9. The electronic device according to claim 5 or 6, in which the feature extractor comprises means for generating feature vectors by determining the cepstral coefficients for each frame.

10. The electronic device according to claim 5 or 6, which is a wireless terminal.

11. The electronic device according to claim 5 or 6, which is a speech recognition device.

12. A computer program product, including machine instructions stored on a readable medium for execution by a processor, while machine instructions, when executed by a processor for speech recognition, include:

receiving frames containing audio samples;

establishing, for each projected vector, a set of mixing models that provides the highest probability of observation;

analysis of a set of mixing models to determine the recognition result;

determining the probability that the recognition result is correct;

dividing this probability by the specified normalizing term;

however, the computer program product also includes machine instructions for comparing the confidence measure with a threshold value to determine whether the recognition result is sufficiently reliable.

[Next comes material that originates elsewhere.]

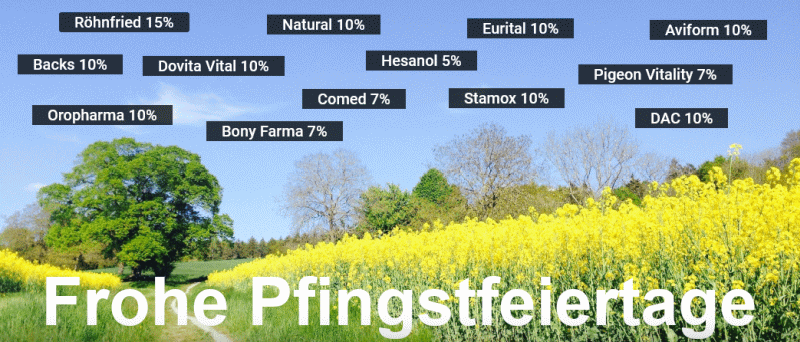 gültig ab 06.06.19 17:00 Uhr bis 12.06.19 24:00 Uhr – Super Preise und tolle Geschenke für Ihre Tauben im Wert von bis zu 18,91 Euro + Portofrei in Deutschland ab 39 €
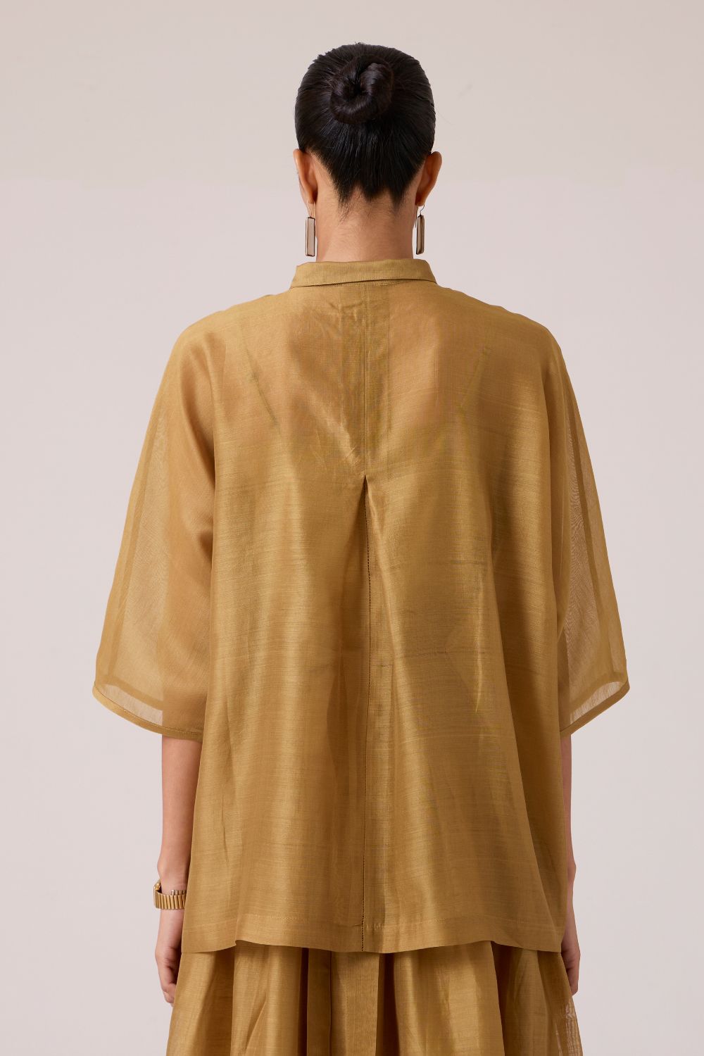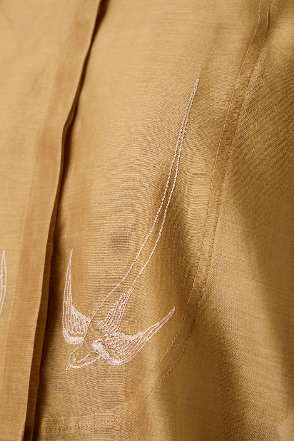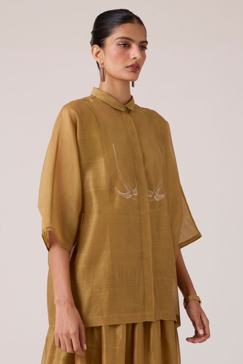 Embroidery punctuates clarity. With a slim collar and dolman sleeve, this top balances quiet detail with deliberate ease.

13. The computer software product according to item 12, where the specified definition of a measure of confidence for the recognition result includes machine instructions for calculating measures of confidence using the following equation:

where O is the vector of signs of the specified acoustic signal;

s _l - a specific fragment of speech from the specified acoustic signal;

p (O | s _l ) is the acoustic likelihood of the specified specific speech fragment s _l ;

p (s _l ) is the a priori probability of the specified specific speech fragment;

O _k is the projection of the feature vector onto the kth subspace;

N () is the Gaussian probability density function of the state s;

K is the number of subspaces and

T is the number of frames in the specified acoustic signal.

14. The computer program product according to claim 12 or 13, comprising machine instructions for representing each subspace with a codebook and for indicating mixing patterns by index in the codebook.

15. The computer program product according to item 12 or 13, containing machine instructions for generating feature vectors by determining the cepstral melofrequency coefficients for each frame.